As an example is copying standard functions: memcpy, memmove. Some regions may/may not overlap.

In this case what if we have some aligned/unaligned buffer as input? in some cases we cannot "and eax, -16" and "movdqa/movaps" - we'll have to movdqu/movups. And what's length known/unknown? The firs zero byte is signaling - then only byte access allowed in this case. Boundaries before and after, crossing the 16 byte alignment and cache.
String start =15
size = 19
String end = 33
how to work this situation out? 2 boundaries crossed /16, 32/. How to load it? Using unaligned and most common way with tail cases processing or else... with common GPR processing for head and tail or else...?
Russia is a weird place

KeepingRealBusy

Here is a procedure, WordAlign, that will align an unaligned (odd BYTE bound) Wide Character string.

I even tested with the wcs_ routine, at least CRT__wcscpy, CRT__wcscmp, CRT__wcschr, and they all worked correctly. I had examined the crt source code and it all appeared to be just Wide Character oriented. Where is there any restriction documented.
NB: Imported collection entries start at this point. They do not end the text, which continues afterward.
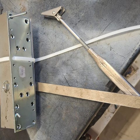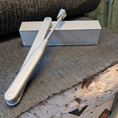 Kuvan mukainen ovipumppu. Vetovarsi jatkettu hitsaamalla. Toki sitä voi myös lyhentää.
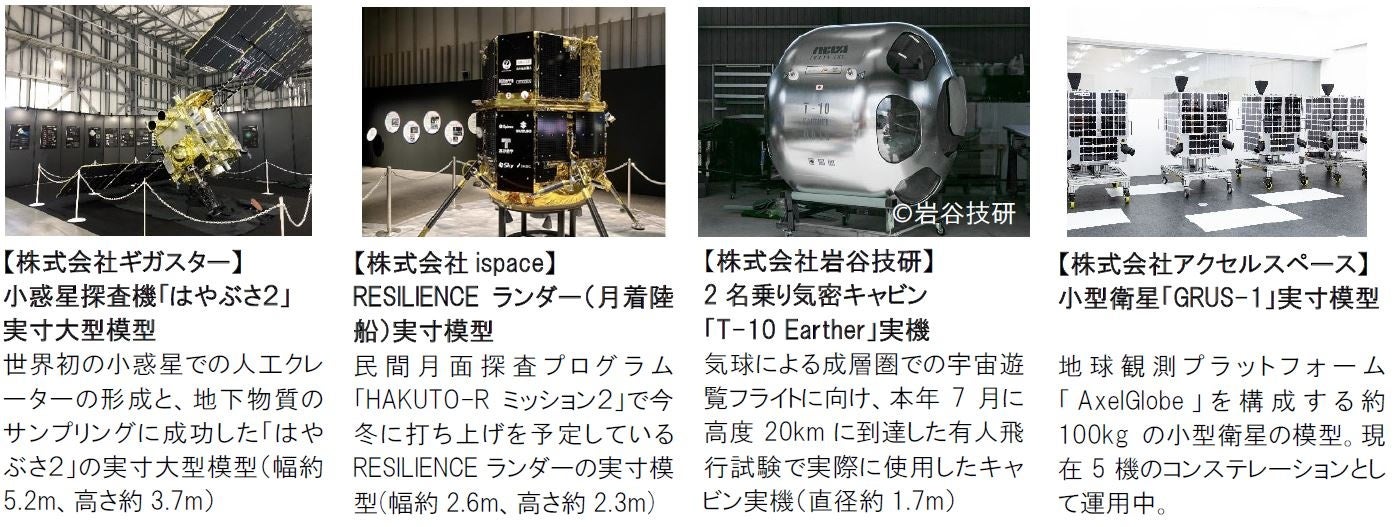 国内外から注目されている宇宙探査機や成層圏での宇宙遊覧用キャビン、衛星など日本の大型開発製品の特別展示を実施します。期間中はどなたでもご自由にご覧いただけます。
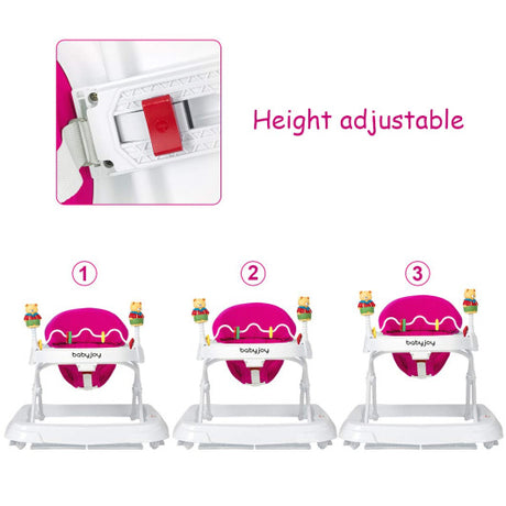 Adjustable Height Removable Folding Portable Baby Walker-Pink

It all seems to work on BYTE bounds.

This is not my final version of WordAlign, still some cleanup to remove stalls, but as coded here, the logic is more readable.

Enjoy,

Dave.

ecube

Why not just use SEH to check for faults? idk how slow SEH is, but it'd get'r done  :U

Rockoon

Exceptions are for exceptional events, and only ones that the local procedure can't handle and are otherwise unwieldy to transmit back to the caller through normal return mechanics.

If your code is *expecting* an exception, there is something wrong.
When C++ compilers can be coerced to emit rcl and rcr, I *might* consider using one.

dedndave

i have noticed - that's the way C programmers do it - lol
they catch everything with an exception handler